Outil d’avocat spécial pour attaquer l’ennemi politique

Par Eva Fu

En nommant un avocat spécial pour enquêter sur l’ancien président Donald Trump, le ministère de la Justice (DOJ) a transformé son appareil d’application de la loi en un “outil pour attaquer un ennemi politique”, selon le vétéran du FBI Marc Ruskin.

Le procureur général Merrick Garland, nommé par l’administration Biden, le 2 novembre. Le 18 janvier a fait l’annonce à Washington, confiant à l’ancien procureur du DOJ, Jack Smith, la tâche de superviser les enquêtes liées au traitement par Trump des dossiers classifiés et des parties de l’enquête sur les événements entourant le 1er janvier. 6, 2021.

Trump a nié tout acte répréhensible et a qualifié la décision de Garland d'”horrible abus de pouvoir” et de “dernière d’une longue série de chasses aux sorcières”.

Le moment de la nomination est important, a déclaré Ruskin, notant à quel point cela concordait avec la promesse des républicains de la Chambre d’enquêter sur le président Joe Biden et son administration une fois que le GOP aura pris le marteau en janvier.
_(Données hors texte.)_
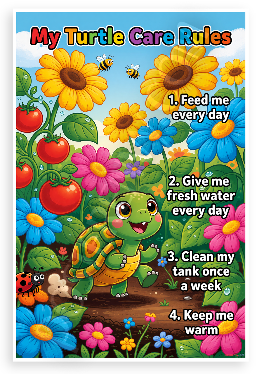 - Fun Turtle Care Design: Bright cartoon turtle amid sunflowers, tomatoes, bees and flowers teaches feeding, water, tank cleaning and warmth rules; perfect for kids bedroom or classroom

« L’utilisation du système judiciaire dans des enquêtes et des poursuites sans fondement est la marque de fabrique de la campagne anti-Trump depuis avant 2016 », a déclaré Ruskin, qui a servi 27 ans au FBI et est un contributeur pour Epoch Times, dans une interview.

Le procureur Jack Smith des États-Unis dans une salle d’audience à La Haye le 2 novembre. 10, 2020. (Peter Dejong/ANP/AFP via Getty Images)

“Appâter et changer”

Ruskin pense que l’enquête de l’avocat spécial sert un objectif particulier.

“C’est un vieux truc”, a-t-il dit. “Ils espèrent détourner l’attention des enquêtes du Congrès et se concentrer à la place sur une enquête sans fondement d’un avocat spécial, car il ne fait aucun doute que les médias hérités vont sauter à bord et accorder l’attention à cette première page, tandis que les enquêtes menées par Le Congrès sera soit ignoré, soit relégué au second plan du journal. »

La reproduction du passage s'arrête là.